I am writing a script to gather results from an output file of a programme. The file contains headers, captions, and data in scientific format. I only want the data and I need a script that can do this repeatedly for different output files with the same results format.
This is the data:
GROUP 1 2 3 4 5 6 7 8
VELOCITY (m/s) 59.4604E+06 55.5297E+06 52.4463E+06 49.3329E+06 45.4639E+06 41.6928E+06 37.7252E+06 34.9447E+06
GROUP 9 10 11 12 13 14 15 16
VELOCITY (m/s) 33.2405E+06 30.8868E+06 27.9475E+06 25.2880E+06 22.8815E+06 21.1951E+06 20.1614E+06 18.7338E+06
GROUP 17 18 19 20 21 22 23 24
VELOCITY (m/s) 16.9510E+06 15.7017E+06 14.9359E+06 14.2075E+06 13.5146E+06 12.8555E+06 11.6805E+06 10.5252E+06
This is my code at the moment. I want it to open the file, search for the keyword 'INPUT:BETA' which indicates the start of the results I want to extract. It then takes the information between this input keyword and the end identifier that signals the end of the data I want. I don't think this section needs changing but I have included it just in case.
I have then tried to use regex to specify the lines that start with VELOCITY (m/s) as these contain the data I need. This works and extracts each line, whitespace and all, into an array.
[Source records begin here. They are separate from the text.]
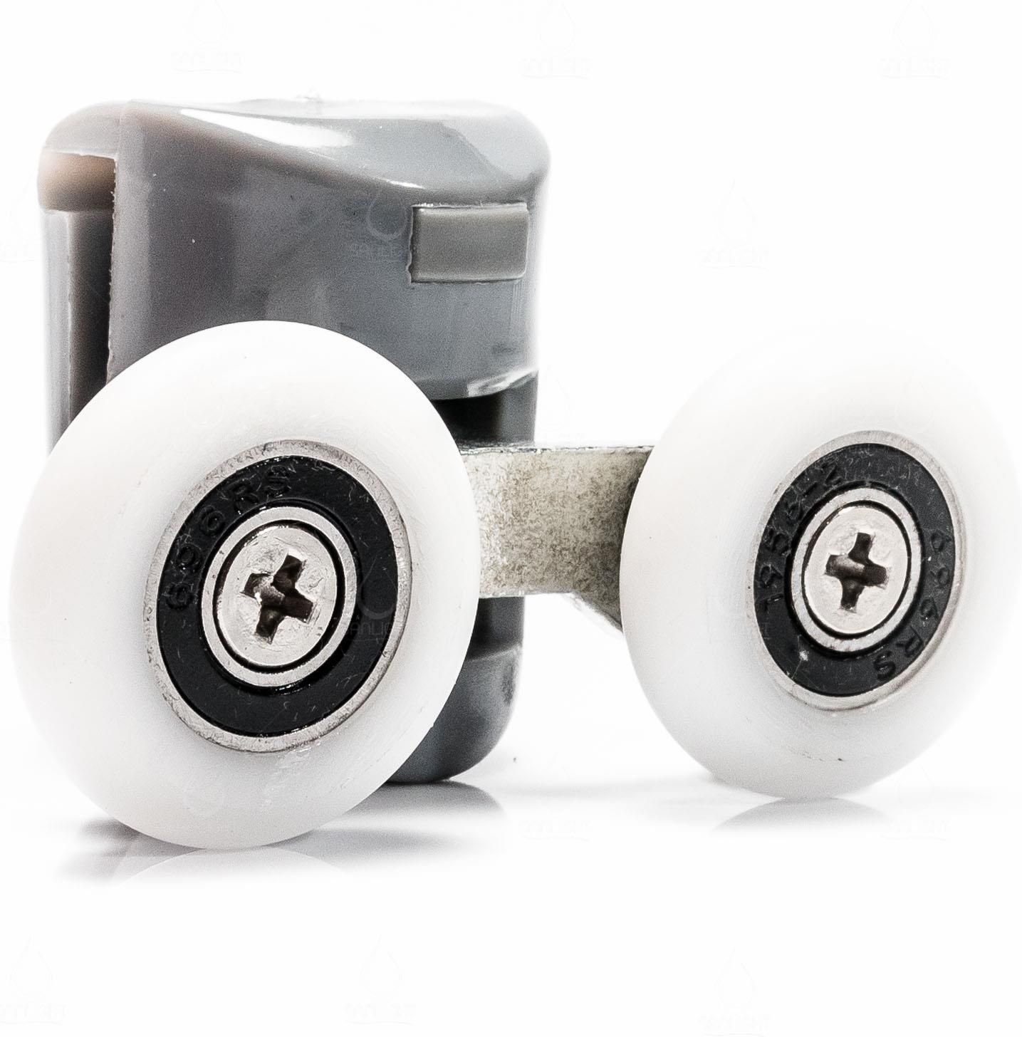 ROLKA PODWÓJNA GÓRNA model : ROL-01-25 ilość : 1szt średnica kółka: 25mm Oferujemy Państwu solidną rolkę do kabiny prysznicowej z łożyskiem typu EASY MOVE. Korpus rolki został wykonany z wytrzymałego tworzywa sztucznego, stali nierdzewnej i kauczuku. Materiał wykonania wózek i śruby wykonane są ze …
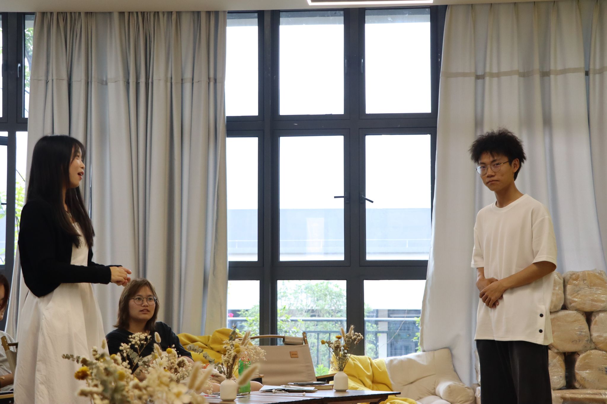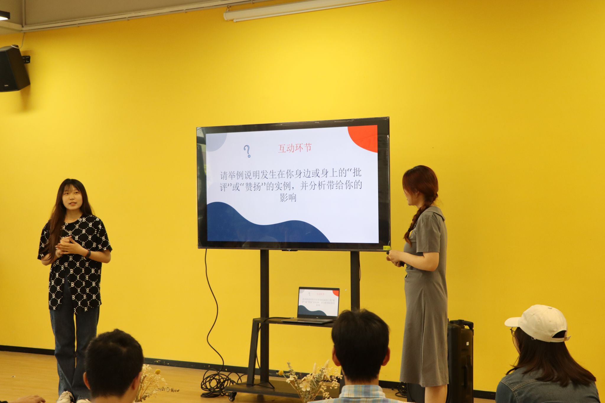 思佳学姐还与同学们进行小互动环节,邀请干事们举例说明发生在我们身边或身上关于“批评”或“赞扬”的实例。来自青协的梁高智同学率先举手,落落大方地讲最近发生在他身上的一件事:他因为前段时间忙于心理剧的排练,导致耽误了青协的答辩准备进度,这一疏忽给其他干事增加了工作量,梁高智同学为此感到十分愧疚,他决心以后对于工作上的冲突做到更合理的安排,不耽误进度、不懈怠责任。青协的另一位干事张悦同学也分享到她代表青协前去答辩的经历,戏影青协作为新成立的团队,干事们都是大一的新生,很多事情还缺乏经验,这次答辩尽管在汇报时有些紧张卡顿,但是也受到了老师的鼓励与表扬,使她增添了许多信心,有动力有决心在未来的工作中继续奋斗前行。其他部门同学也主动分析那个自己的经历和观点。思佳学姐最后也提到“希望大家都能够去做语言的主人,然后精准的去表达去沟通,让自己成为那个很善于表达的人,你不妨大胆一点,你没有那么多观众,就是勇敢地表达自己。”
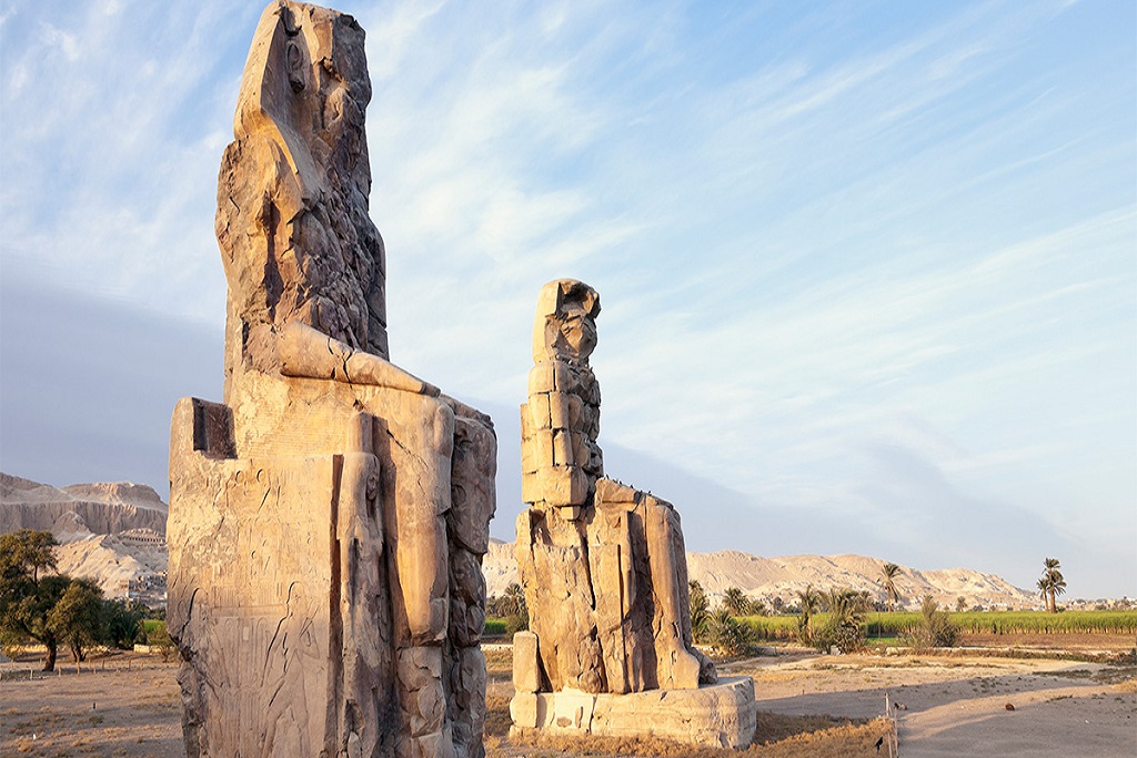 Petit déjeuner matinal. Nous vous suggérons de faire la traversée du Nil pour visiter la rive ouest, où le soleil se couche : la Cité des Morts. Visite de la vallée des Reines, du temple de Medinet Habou et des colosses de Memnon, les seuls vestiges du temple funéraire d'Aménophis III. Ces statues monolithiques de 20 m de haut se trouvaient de chaque côté de l'entrée du temple et représentaient le pharaon assis sur son trône. Continuation par la découverte de l'impressionnant temple funéraire d'Hatchepsout. Retour à bord du bateau pour le déjeuner. L'après-midi sera libre, navigation vers Esna. Passage de l'écluse d'Esna et poursuite de la navigation vers Edfou. Dîner et nuit à bord.

However, I want each numerical value to be a single element, so the next line is supposed to strip the whitespace out and split the lines into individual array elements.
with open(file_name) as f:
t=f.read()
t=t[t.find('INPUT:BETA'):]
t=t[t.find(start_identifier):t.find(end_identifier)]
regex = r"VELOCITY \(m\/s\)\s(.*)"
res = re.findall(regex, t)
res = [s.split() for s in res]
print(res)
print(len(res))
This isn't working, here is the output:
[['33.2405E+06', '30.8868E+06', '27.9475E+06', '25.2880E+06', '22.8815E+06', '21.1951E+06', '20.1614E+06', '18.7338E+06'], ['16.9510E+06', '15.7017E+06', '14.9359E+06', '14.2075E+06', '13.5146E+06', '12.8555E+06', '11.6805E+06', '10.5252E+06']]
2
It's taking out the whitespace but not putting the values into separate elements, which I need for the next stage of the processing.
My question is therefore: How can I extract each value into a separate array element, leaving the rest of the data behind, in a way that will work with different output files with different data?